Application and Benchmark Specific Dependencies

  • STREAM: stream_mpi in Fortran or C, ssh config, mpicc, mpirun
  • Hashcat: libOpenCL.so on POCL
  • D-LLAMA: git, Python 3
  • HPL: Standard BLAS implementation, as there are no vendor-optimized versions of this library

Team Details

Aarush Mehrotra: Aarush Mehrotra is this year’s SBCC team captain. He is a double-major in Mathematics-Computer Science and Economics. He is currently an HPC Intern at SDSC. With prior SBCC and SCC experience, he brings institutional knowledge and real-world experience to the team. Aarush has experience working with machine learning benchmarks, scientific applications, and various other HPC tools. He looks forward to competing and making friends at SBCC25.

Gauri Renjith: Gauri has prior experience using high performance computing to perform genome-wide association analyses of genetic information. As a computer science major specializing in bioinformatics, she provides a unique perspective on HPC applications and is excited to explore supercomputing and its usage to understand biological problems.

Ferrari Guan: Ferrari has prior experience in high-performance computing (HPC) as a network specialist and system administrator for the SCC team. As a computer engineering major, he has experience working on the hardware, the software, and everything in between. He is enthusiastic about building HPC cyberinfrastructure and solving real-world problems.

Luiz Gurrola: Luiz Gurrola has prior experience in high performance computing through SBCC as well as experience in system administration. He is interested in all fields relating to computer science and computation and is eager to improve and apply his skills.

Ryan Estanislao: Ryan has prior experience in high performance computing through last year’s SCC Home Team, analyzing runtimes on the ICON application.
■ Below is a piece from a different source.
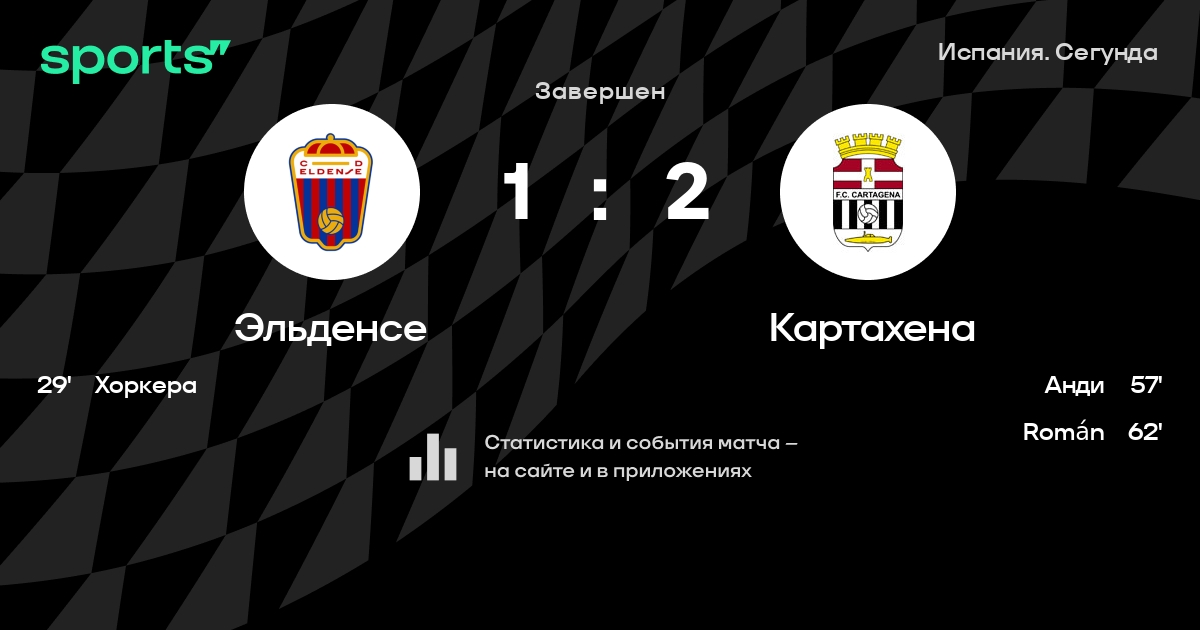 Результат прошлой игры в турнире «Сегунда»: Спортинг Хихон – Эльденсе 0:0. В последних 5 играх Эльденсе забивает 5 голов. В последних 5 играх Эльденсе пропускает 5 голов.
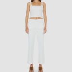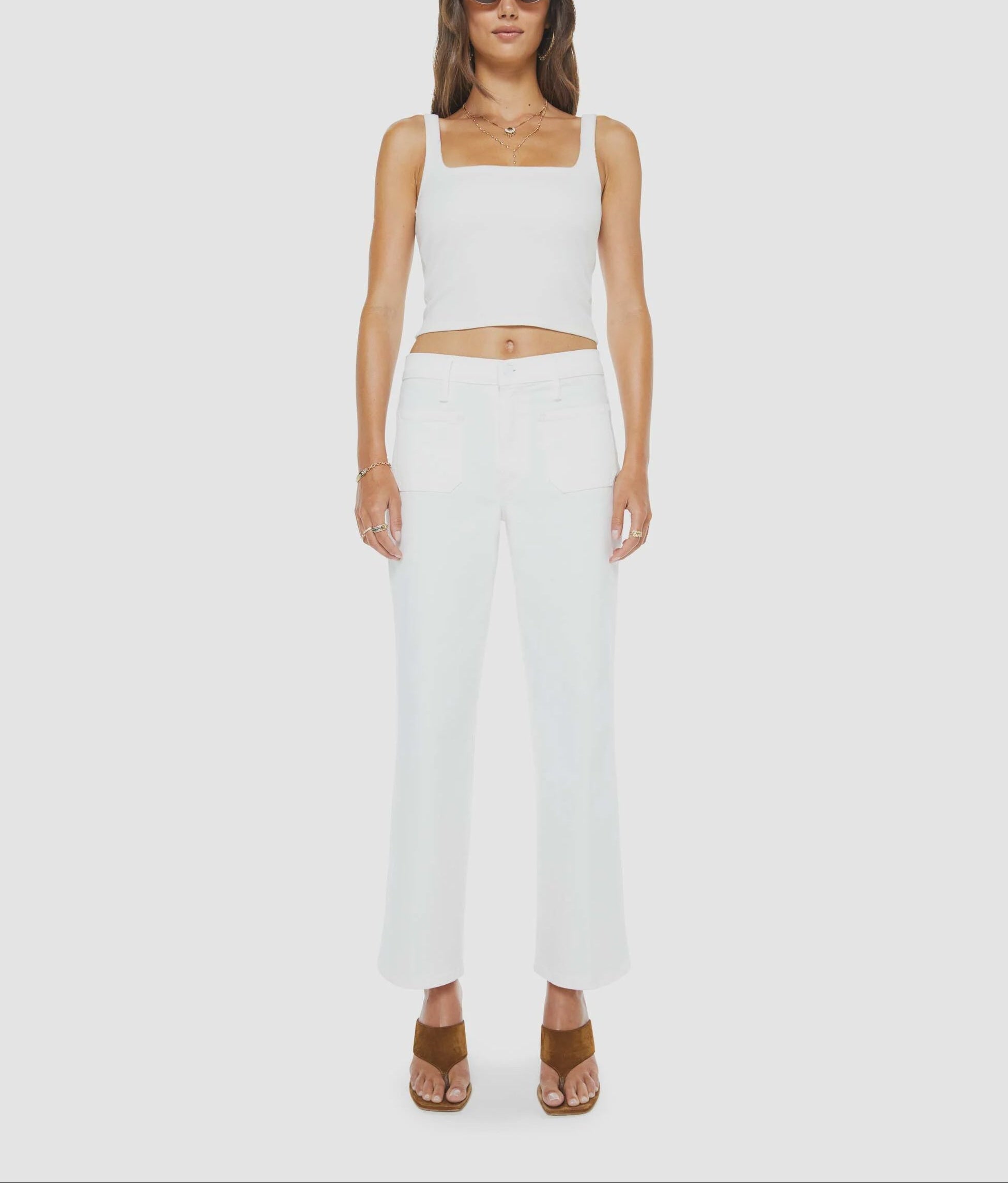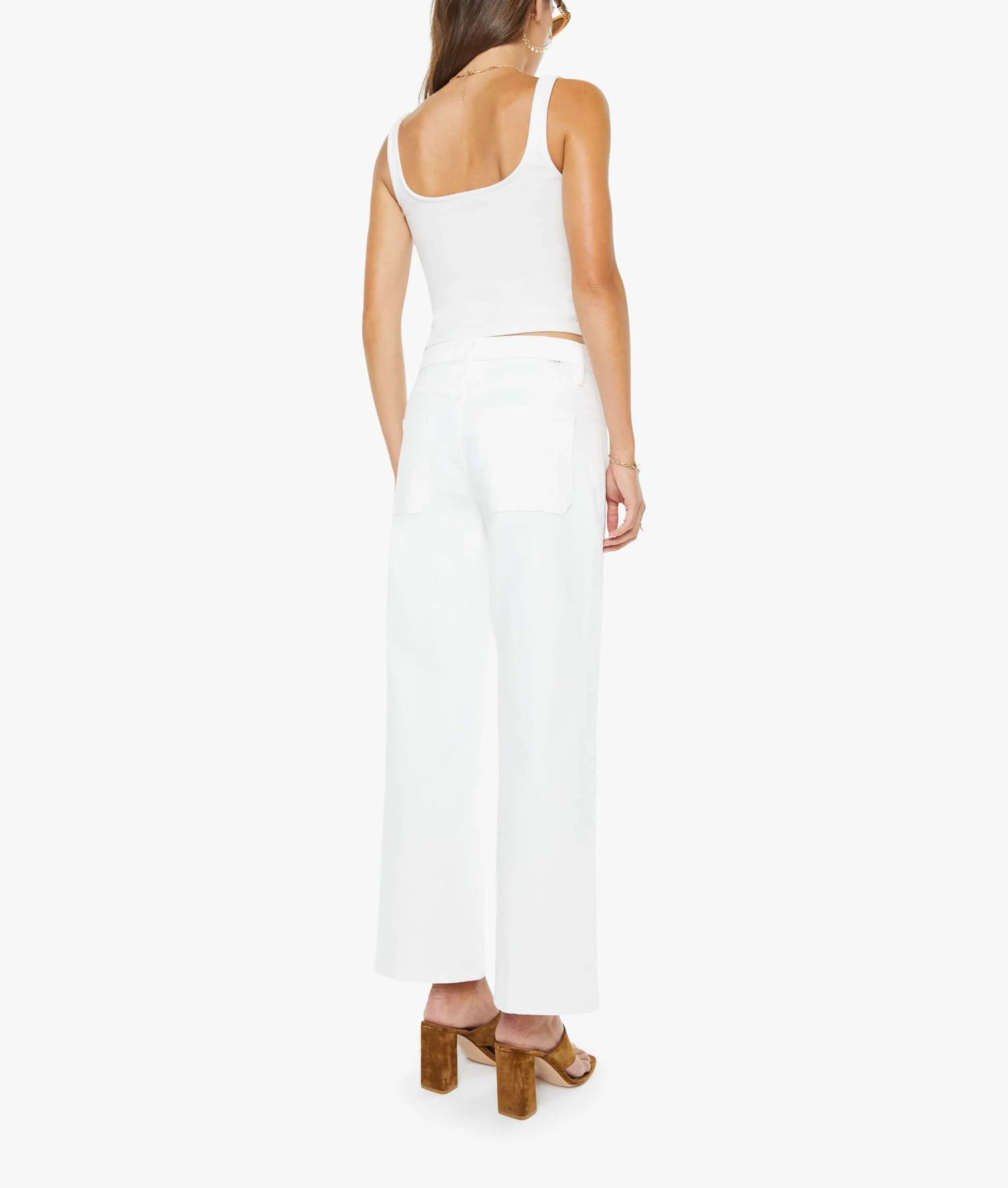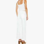 Mother The Patch Pocket Mid Rise Maven Ankle in Totally Innocent. MOTHER's in the clear. Mid-rise jeans with a loose fit, zip fly, wide leg, patch pockets and ankle-length inseam with a clean hem. Cut from semi-rigid SUPERIOR denim, Totally Innocent is a classic white with tonal hardware.

As a computer science major, he is interested in further understanding how to make various applications more efficient.

Shing Hung: Shing has prior experience constructing a Raspberry PI-based CPU cluster with Ceph, and conducting read/write and video streaming benchmarks through her past internship. She is excited to explore more on embedded system programming, hardware coding, and firmware design.

William Wu: William has prior experience working with hardware like Arduinos and Raspberry Pi when automating tasks for lab work. He has also competed nationally in cyber competitions and can transfer many of his skills into working on Hashcat.

Minh Quach: Minh has prior experience working with system optimization and embedded systems. She has worked on Jetson Nano-based projects, optimizing real-time computer vision applications and managing resource-constrained devices. As a computer engineering student, she is eager to apply her knowledge to building and optimizing single-board computer clusters and tackling real-world HPC challenges.